WHAT THE TASK REQUIRES: Please reproduce all of the data below exactly, leaving each picture out.

[Stored items from a collection]
⟨

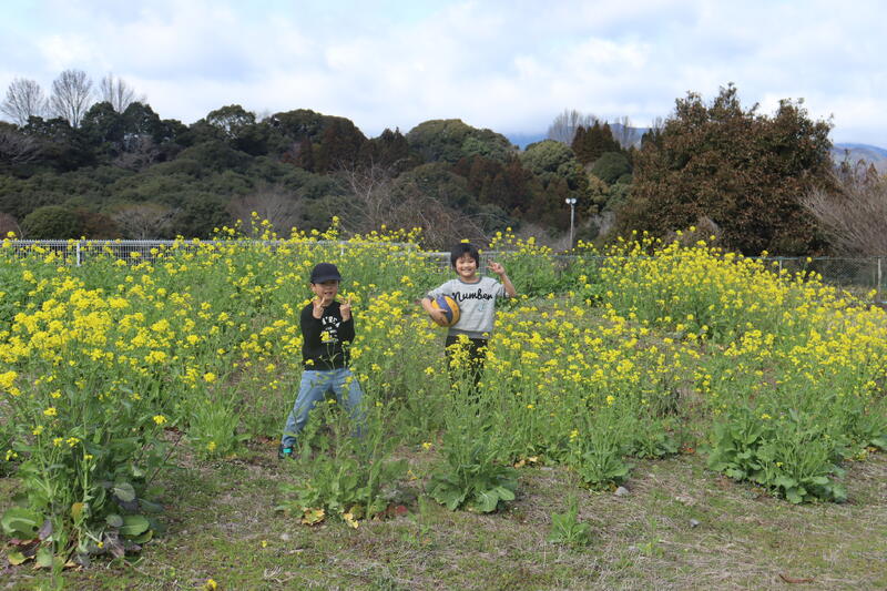 運動場にある菜の花 子供たちも誘われて遊びに来ていました。
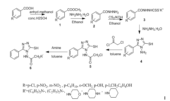 The reaction order given in Scheme 1 was used to synthesize the target compounds. Various substituted benzoic acids, when reacted with methanol in the vicinity of concentrated sulfuric acid gave methyl ester as a substitute for benzoic acid (1), which, upon reaction with hydrazide hydrate in absolute alcohol, furnished acid hydrazides (2). The (2) on reacting with potassium hydroxide and carbon disulfide in absolute ethanol afforded potassium dithiocarbazinate derivative (3), which was then treated with hydrazine hydrate in absolute ethanol and water to yield (4). The compounds (4) were made to react with chloroacetyl chloride in toluene to afford 5-aryl-4-(chloroacetylamino)-3-mercapto-1,2,4-triazole (5) The compounds (4) were made to react with amine in the presence of toluene to yield amino derivatives of 5-aryl-4(chloroacetylamino)-3-mercapto-1,2,4-triazole (6).(Scheme 1).
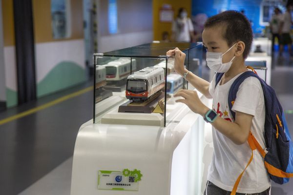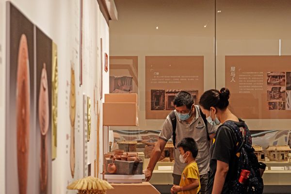 博物馆已成为青少年儿童课外学习的好地方。一对父母正陪同儿子在博物馆参观 何燕/摄
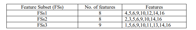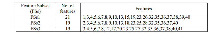 Table 2. Feature Subsets of NSL-KDD dataset using PFM algorithm
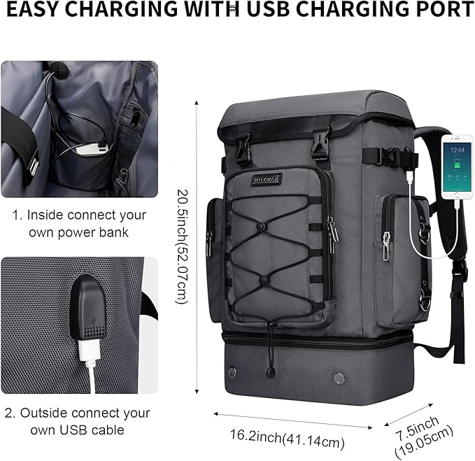 - Multi Functional Backpack: This carry-on backpack comes with a 35 to 50 inch removable and adjustable shoulder strap which can be hidden in a large zipper pocket on the back, enabling multiple carrying options: duffel bag, crossbody bag, shoulder bag.
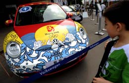 日前,長沙市某商場門口展出了幾輛以迎奧運(yùn)為主題的彩繪汽車。車身上繪滿各種圖案的彩繪汽車展示奧運(yùn)和中國文化,吸引了不少市民參觀。圖為一名小孩在參觀彩繪汽車。
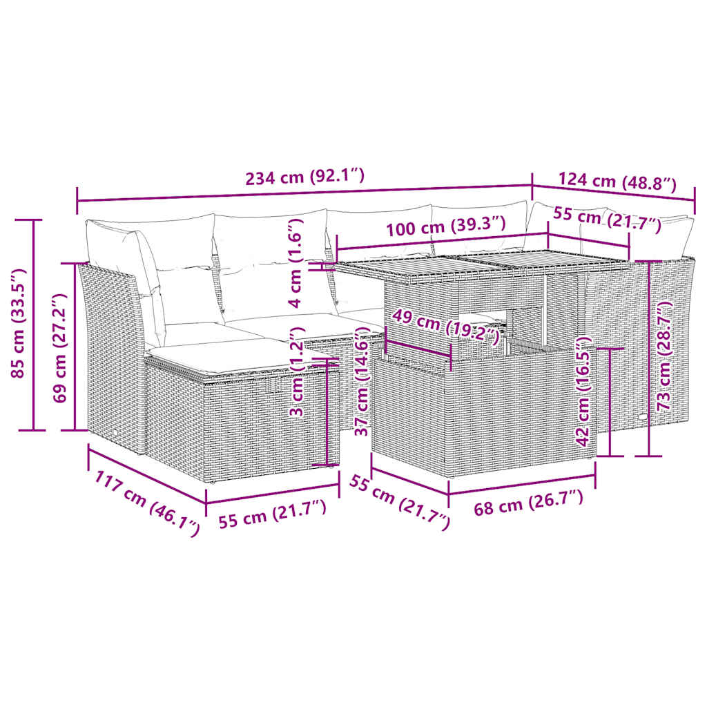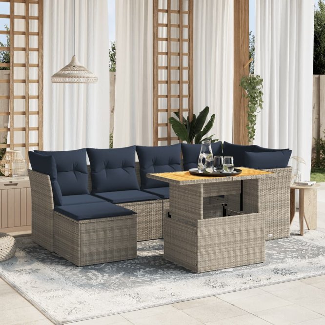 vidaXL 7-delige Loungeset met kussens poly rattan acacia zwart
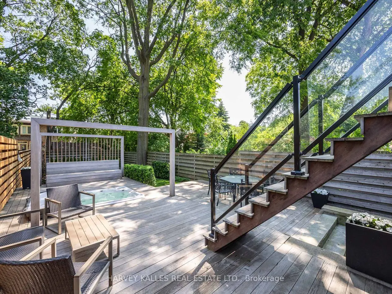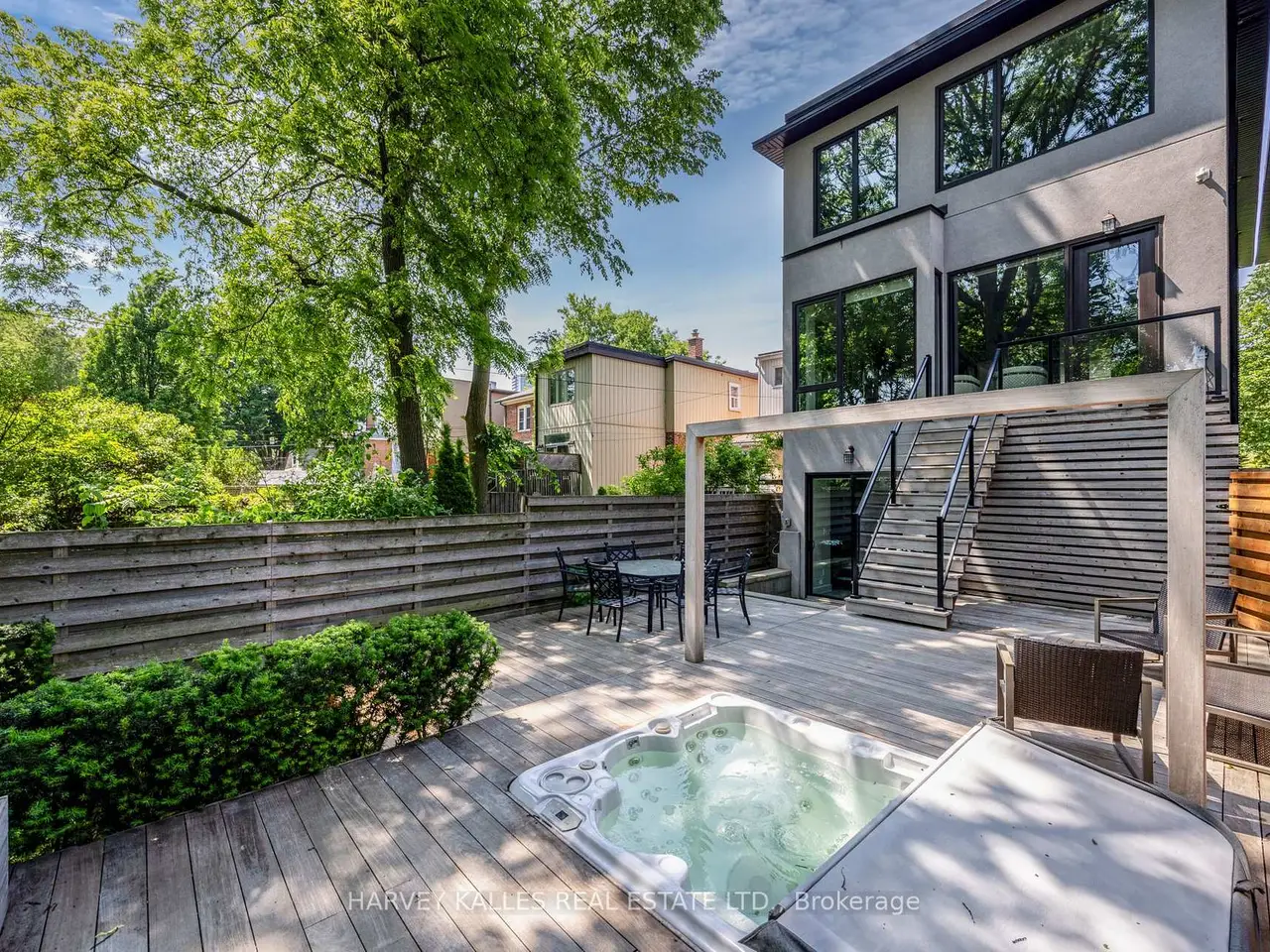 An Awe-Inspiring Modern Architectural Masterpiece Ideally Situated in the Heart of Davisville Village, Within the Coveted Maurice Cody, Hodgson, and Northern School Districts.Built in 2016 on a Professionally Landscaped South-Facing Lot Measuring 25 by 150 Feet, This Exceptional Residence Offers Approximately 3,427 Square Feet of Thoughtfully Designed Living Space.Floor-to-Ceiling Windows Bathe the Home in Natural Light, Highlighting Finely Curated Finishes Throughout.The Gourmet Chefs Kitchen Boasts a Top-of-the-Line Thermador Appliance Package, Wide Claw-Groove Hardwood Floors, and Sleek Stainless Steel and Glass Railings That Connect All Levels withStyle.Enjoy Soaring 10-Foot Ceilings on the Main Floor and Two Luxurious Ensuite Bathrooms, Including an 8-Piece Spa-Inspired PrimaryRetreat.Step Outside to a Resort-Like Backyard Oasis Featuring a Built-In Hot Tub and Expansive Deck Perfect for Entertaining or Unwinding inStyle.Modern Living at Its Absolute Finest.
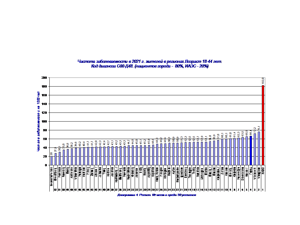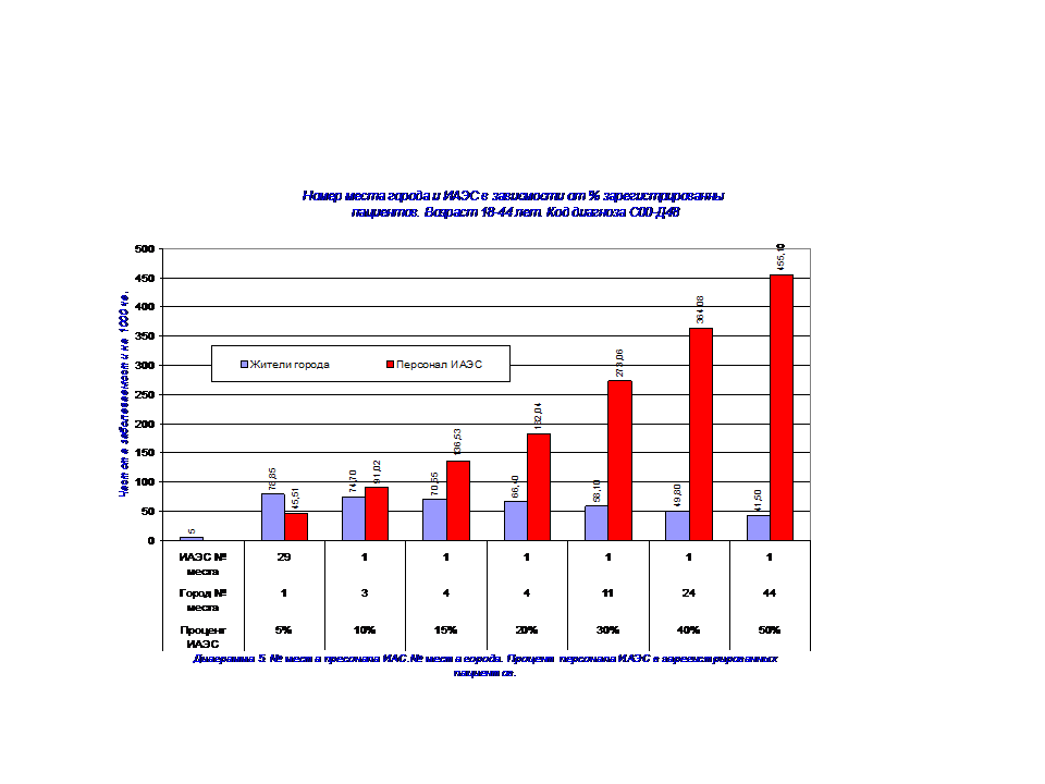 Очевидно, что если число зарегистрированных пациентов, из общего числа по всему городу 375 чел, персонал ИАЭС составит 10%, то в этом случае жители города переместятся на 3 место, а персонал ИАЭС на первое. С увеличением вклада персонала ИАЭС в зарегистрированные пациентов частота заболеваемости жителей город (без персонала ИАС) будет смещаться к 50 месту (диаграмма 1).
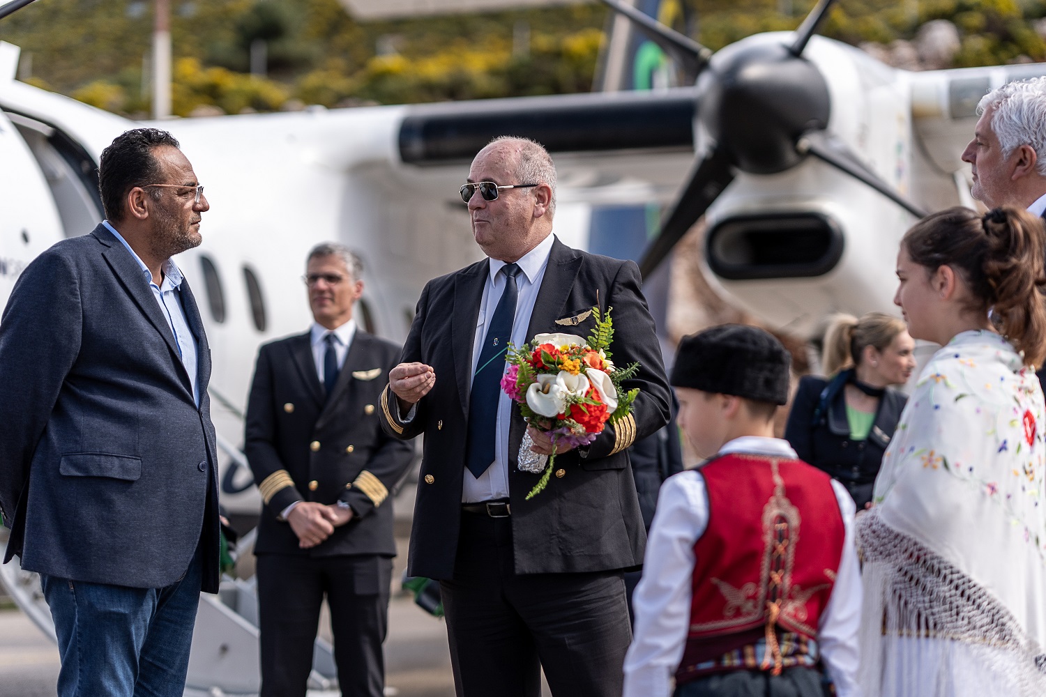 Κατά την άφιξη της πτήσης στο Καστελλόριζο, ο Δήμος Μεγίστης οργάνωσε μια ζεστή εκδήλωση, όπου ο Δήμαρχος κ. Νικόλαος Ασβέστης και ο Αντιδήμαρχος κ. Μιχαήλ Στρατής Αμύγδαλος απέδωσαν τιμητική διάκριση στην Olympic Air και τον Κυβερνήτη Μαζαράκη, αναγνωρίζοντας τον κρίσιμο ρόλο τους στη συνδεσιμότητα του νησιού. Στο πλαίσιο της ιδιαίτερης γιορτής, παιδιά του νησιού, ντυμένα με παραδοσιακές φορεσιές, υποδέχθηκαν τον Captain με λουλούδια και τοπικά κεράσματα, σε ένδειξη ευγνωμοσύνης.

⟩

RESULT FOR THIS EXERCISE:
 運動場にある菜の花 子供たちも誘われて遊びに来ていました。
 The reaction order given in Scheme 1 was used to synthesize the target compounds. Various substituted benzoic acids, when reacted with methanol in the vicinity of concentrated sulfuric acid gave methyl ester as a substitute for benzoic acid (1), which, upon reaction with hydrazide hydrate in absolute alcohol, furnished acid hydrazides (2). The (2) on reacting with potassium hydroxide and carbon disulfide in absolute ethanol afforded potassium dithiocarbazinate derivative (3), which was then treated with hydrazine hydrate in absolute ethanol and water to yield (4). The compounds (4) were made to react with chloroacetyl chloride in toluene to afford 5-aryl-4-(chloroacetylamino)-3-mercapto-1,2,4-triazole (5) The compounds (4) were made to react with amine in the presence of toluene to yield amino derivatives of 5-aryl-4(chloroacetylamino)-3-mercapto-1,2,4-triazole (6).(Scheme 1).
 博物馆已成为青少年儿童课外学习的好地方。一对父母正陪同儿子在博物馆参观 何燕/摄
 Table 2. Feature Subsets of NSL-KDD dataset using PFM algorithm
 - Multi Functional Backpack: This carry-on backpack comes with a 35 to 50 inch removable and adjustable shoulder strap which can be hidden in a large zipper pocket on the back, enabling multiple carrying options: duffel bag, crossbody bag, shoulder bag.
 日前,長沙市某商場門口展出了幾輛以迎奧運(yùn)為主題的彩繪汽車。車身上繪滿各種圖案的彩繪汽車展示奧運(yùn)和中國文化,吸引了不少市民參觀。圖為一名小孩在參觀彩繪汽車。
 vidaXL 7-delige Loungeset met kussens poly rattan acacia zwart
 An Awe-Inspiring Modern Architectural Masterpiece Ideally Situated in the Heart of Davisville Village, Within the Coveted Maurice Cody, Hodgson, and Northern School Districts.Built in 2016 on a Professionally Landscaped South-Facing Lot Measuring 25 by 150 Feet, This Exceptional Residence Offers Approximately 3,427 Square Feet of Thoughtfully Designed Living Space.Floor-to-Ceiling Windows Bathe the Home in Natural Light, Highlighting Finely Curated Finishes Throughout.The Gourmet Chefs Kitchen Boasts a Top-of-the-Line Thermador Appliance Package, Wide Claw-Groove Hardwood Floors, and Sleek Stainless Steel and Glass Railings That Connect All Levels withStyle.Enjoy Soaring 10-Foot Ceilings on the Main Floor and Two Luxurious Ensuite Bathrooms, Including an 8-Piece Spa-Inspired PrimaryRetreat.Step Outside to a Resort-Like Backyard Oasis Featuring a Built-In Hot Tub and Expansive Deck Perfect for Entertaining or Unwinding inStyle.Modern Living at Its Absolute Finest.
 Очевидно, что если число зарегистрированных пациентов, из общего числа по всему городу 375 чел, персонал ИАЭС составит 10%, то в этом случае жители города переместятся на 3 место, а персонал ИАЭС на первое. С увеличением вклада персонала ИАЭС в зарегистрированные пациентов частота заболеваемости жителей город (без персонала ИАС) будет смещаться к 50 месту (диаграмма 1).
 Κατά την άφιξη της πτήσης στο Καστελλόριζο, ο Δήμος Μεγίστης οργάνωσε μια ζεστή εκδήλωση, όπου ο Δήμαρχος κ. Νικόλαος Ασβέστης και ο Αντιδήμαρχος κ. Μιχαήλ Στρατής Αμύγδαλος απέδωσαν τιμητική διάκριση στην Olympic Air και τον Κυβερνήτη Μαζαράκη, αναγνωρίζοντας τον κρίσιμο ρόλο τους στη συνδεσιμότητα του νησιού. Στο πλαίσιο της ιδιαίτερης γιορτής, παιδιά του νησιού, ντυμένα με παραδοσιακές φορεσιές, υποδέχθηκαν τον Captain με λουλούδια και τοπικά κεράσματα, σε ένδειξη ευγνωμοσύνης.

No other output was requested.